Que doit-on en conclure ? Madame GRANDET n'a jamais montré d'opposition ni d'hostilité à la réalisation de l'UVP, et Madame la Maire s'en félicite. La Ville n’a jamais caché que cette réalisation se ferait sur l'espace existant, c'est à dire le parc. D'ailleurs pour compenser cette perte d'espace, a été aménagé un espace, que Madame GRANDET considère peut-être petit, mais qui répond aux attentes de la Directrice, des résidents et du personnel, dans l'esprit constructif dans lequel sait travailler la Municipalité.Pour finir de répondre à cette question, l'UVP n’accueille effectivement plus de résidents en raison de ce qu'il faut bien appeler des malfaçons dans la réalisation. Madame la MAIRE tient d'ailleurs à remercier la Directrice, qui fait preuve de beaucoup de professionnalisme et de bienveillance en direction des familles. Les Conseils de la vie sociale se sont réunis pour les tenir informées de ce qu'il se passait. Elle part en retraite très prochainement, départ fêté très récemment avec les membres de l'EHPAD, et Madame la MAIRE tient à la remercier publiquement pour le travail réalisé à l'EHPAD Marcel-Jacquelinet.
Pour revenir à la fermeture actuelle de l'UVP, Habellis, qui est maître d'ouvrage, tente de remédier à la situation, mais
Madame la MAIRE - en tant que Présidente du Conseil d'administration - a demandé à ce que cette affaire soit suivie avec un avocat. Elle espère que les résidents pourront revenir rapidement, mais elle reste très prudente et ne veut surtout pas s'engager sur un délai, car cela ne dépend pas d'elle.

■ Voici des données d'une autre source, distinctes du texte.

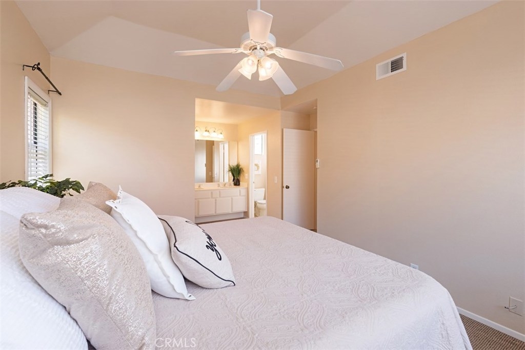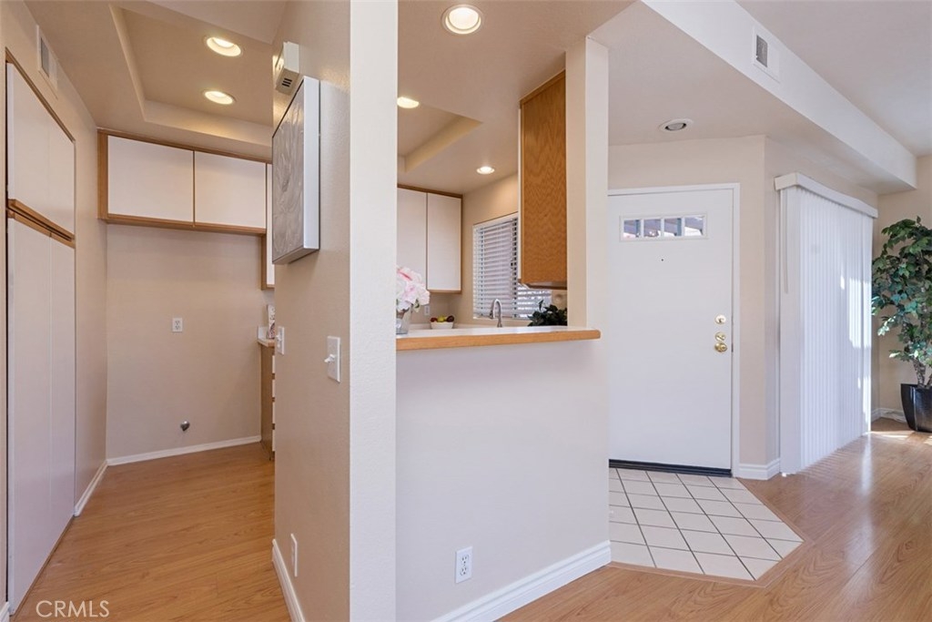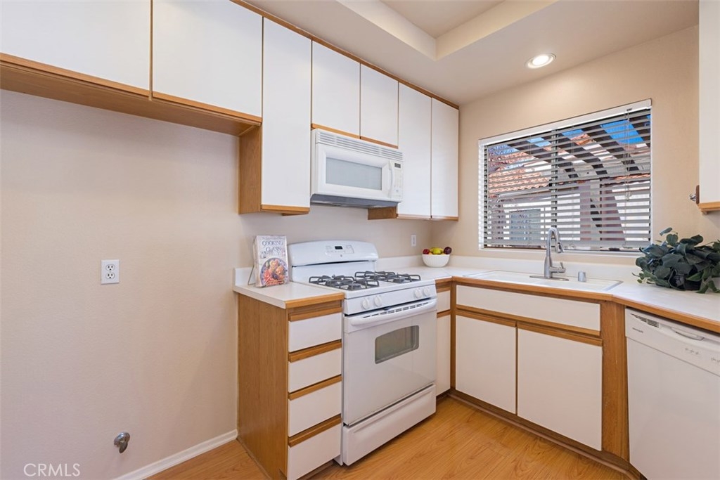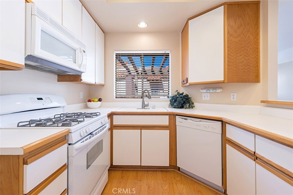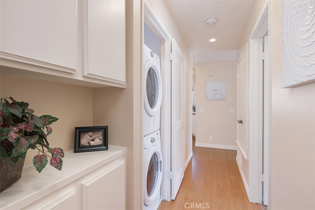 Super cute carriage unit with no one above or below. Open floor plan with vaulted ceilings in the living/dining room and master bedroom. Cozy wood burning fireplace. Master suite with walk-in closet, dual vanities and compartmentalized bath. Guest bedroom with full wall length, mirrored closet. Linen cabinet conveniently located in the hall. Four years new full size stackable laundry. Nicely upgraded with wood laminate flooring throughout the living room, dining room kitchen and hall way. Tile flooring in the entry & kitchen. Newer loop pile carpet in both bedrooms. Pretty beige paint with bright white baseboards and cased windows, faux wood blinds, updated lighting fixtures & ceiling fans. New Furnace and AC unit installed 2017. New water heater installed 2017. One car garage directly in front of unit plus carport #50. Enjoy 4th of July fireworks from your private patio in the lake front community of “Brisa del Lago I” with lake front Community Pool & Spa. Adjacent to the Mercado Del Lago shopping center with grocery store, drug store, boutiques shops, restaurants, gas station, and much more. Membership to the Rancho Santa Margarita Beach Club with access to a swim lagoon, boating, fishing, fiesta room, covered picnic areas, tennis courts, sport courts, four pools, 13 parks, nine trails, and numerous sports fields. Approximately 1 block to the Trabuco Mesa (K-6), 1 mile to RSM IS (7-8) and 5 miles to Trabuco Hills HS. This is a great place to call home.

En revanche, autant Madame TONOT peut parfois être sévère avec le Département, autant elle avoue qu'avec Emmanuelle Coint, la vice-présidente en charge des solidarités, et avec sa collègue Céline Vialet, représentante du Département au Conseil d'administration, toutes les 3 ont pu travailler main dans la main sur ce dossier. Elles ont pu proposer aux familles des solutions. Aujourd’hui, cela reste un accompagnement individualisé. Elle espère que tout cela sera résolu très rapidement.
L'ordre du jour étant épuisé, Madame la Maire lève la séance, après avoir indiqué que le prochain Conseil Municipal se tiendrait le mercredi 12 novembre.